## Task objective
Lines outside the range are not wanted. Give again exactly the lines between the line holding "2016夏裝新品時尚韓版小香風天鵝印花收腰顯瘦真絲連衣裙 /" and the line holding "Borang Kebenaran Menggunakan", inclusive, from the listing below.

## Provided records
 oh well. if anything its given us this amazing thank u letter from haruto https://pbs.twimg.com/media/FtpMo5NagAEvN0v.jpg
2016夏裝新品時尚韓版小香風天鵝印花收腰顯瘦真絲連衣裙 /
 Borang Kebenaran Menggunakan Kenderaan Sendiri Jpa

--

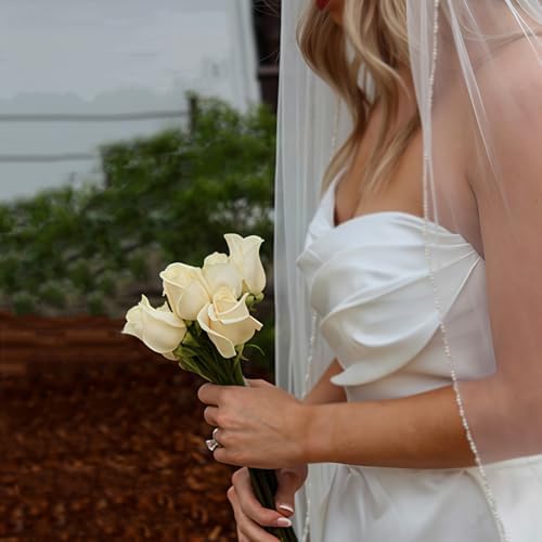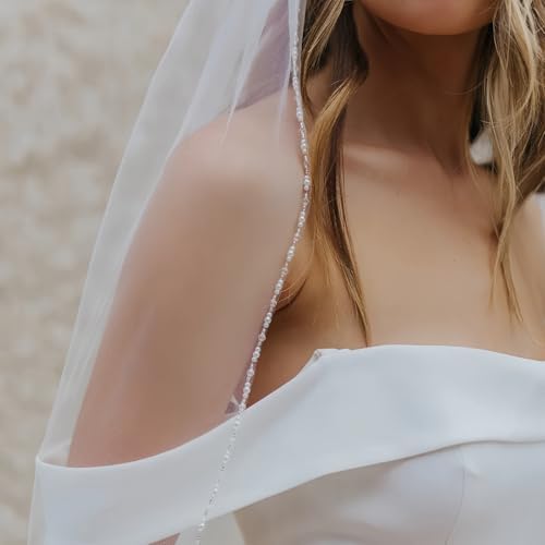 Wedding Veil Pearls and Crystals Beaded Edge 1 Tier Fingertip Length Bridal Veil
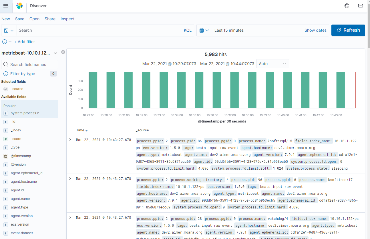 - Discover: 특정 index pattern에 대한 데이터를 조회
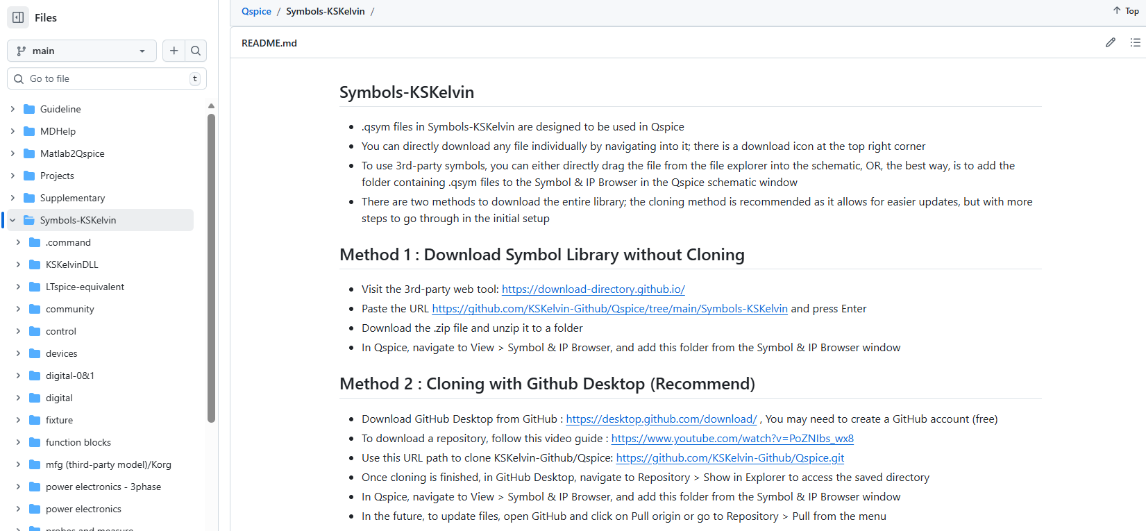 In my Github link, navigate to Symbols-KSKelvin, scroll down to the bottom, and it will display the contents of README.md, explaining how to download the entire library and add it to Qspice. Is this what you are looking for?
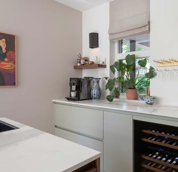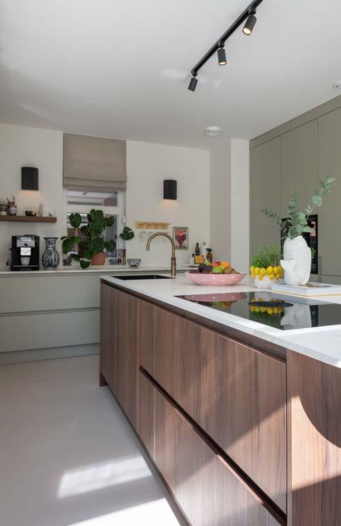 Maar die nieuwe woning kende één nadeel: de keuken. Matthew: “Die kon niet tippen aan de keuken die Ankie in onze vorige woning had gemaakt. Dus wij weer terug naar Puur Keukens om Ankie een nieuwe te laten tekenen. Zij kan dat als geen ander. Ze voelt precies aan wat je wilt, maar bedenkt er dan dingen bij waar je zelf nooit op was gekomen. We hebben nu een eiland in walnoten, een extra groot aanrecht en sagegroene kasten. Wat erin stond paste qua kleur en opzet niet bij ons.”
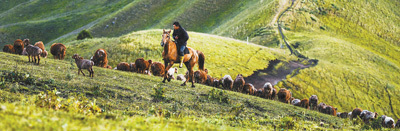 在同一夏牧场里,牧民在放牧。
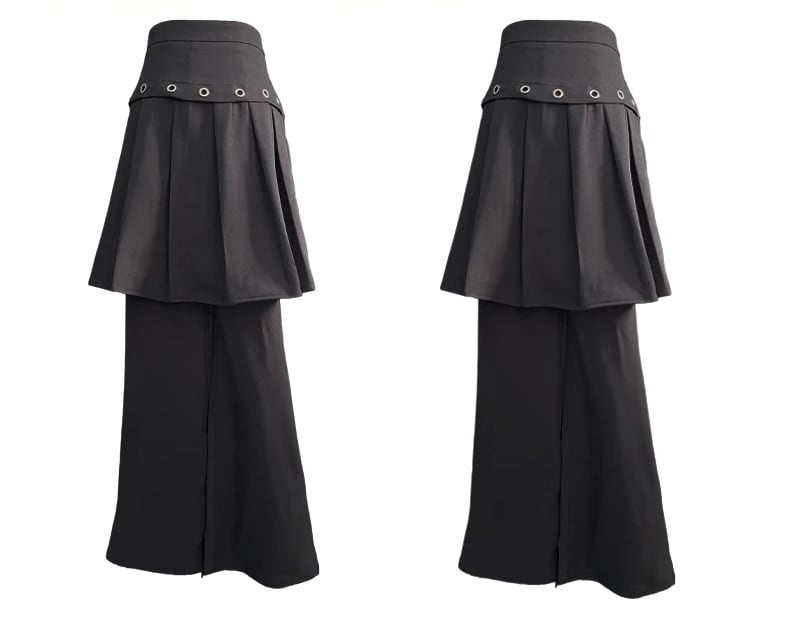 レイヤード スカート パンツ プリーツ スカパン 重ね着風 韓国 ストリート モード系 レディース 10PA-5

## Output of the exercise
2016夏裝新品時尚韓版小香風天鵝印花收腰顯瘦真絲連衣裙 /
 Borang Kebenaran Menggunakan Kenderaan Sendiri Jpa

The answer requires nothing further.